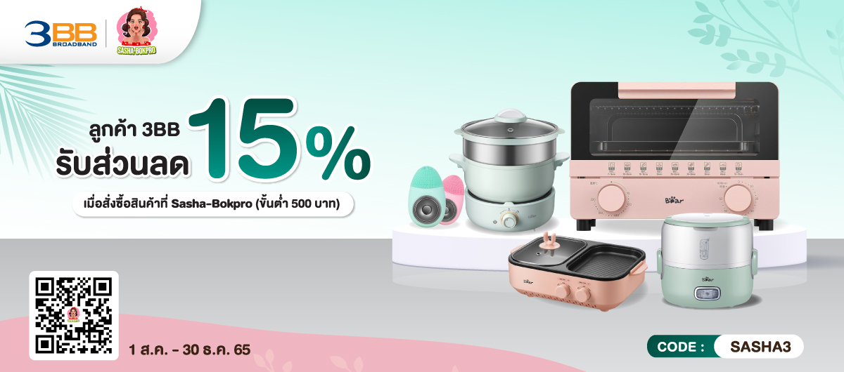 จำหน่ายสินค้าออนไลน์ในเครือบริษัท คิวรอน ภายใต้แบรนด์ Lesasha, Jason, Bear, Sparkle, Emjoi, @Home, Smoothskin ลูกค้า 3BB รับส่วนลด 15% เมื่อสั่งซื้อสินค้าที่ Sasha-Bokpro (ขั้นต่ำ 500 บาท)เพียงกรอก Code : SASHA3 ที่ www.sasha-bokpro.com เพื่อรับสิทธิ์ ถึง 30 ธันวาคม 2565
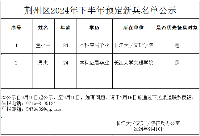 通过荆州区武装部组织的体检、政审考核、心理测试、役前训练等环节,我校董小平、周杰2名同学进入新兵预定名单,现根据相关规定予以公示,公示时间为2023年9月10日至9月15日。如有异议,请在通过下述渠道联系反馈。
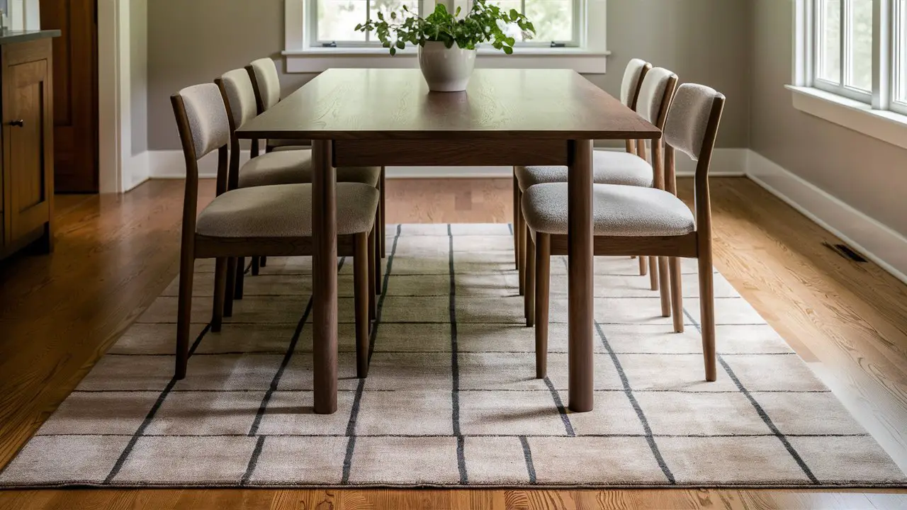 Neutral-tone rugs are a timeless and versatile choice for any dining room.

PROBLEM TO WORK ON:
The task requires that every line above be transcribed exactly, without the images.

SOLUTION BELOW:
 จำหน่ายสินค้าออนไลน์ในเครือบริษัท คิวรอน ภายใต้แบรนด์ Lesasha, Jason, Bear, Sparkle, Emjoi, @Home, Smoothskin ลูกค้า 3BB รับส่วนลด 15% เมื่อสั่งซื้อสินค้าที่ Sasha-Bokpro (ขั้นต่ำ 500 บาท)เพียงกรอก Code : SASHA3 ที่ www.sasha-bokpro.com เพื่อรับสิทธิ์ ถึง 30 ธันวาคม 2565
 通过荆州区武装部组织的体检、政审考核、心理测试、役前训练等环节,我校董小平、周杰2名同学进入新兵预定名单,现根据相关规定予以公示,公示时间为2023年9月10日至9月15日。如有异议,请在通过下述渠道联系反馈。
 Neutral-tone rugs are a timeless and versatile choice for any dining room.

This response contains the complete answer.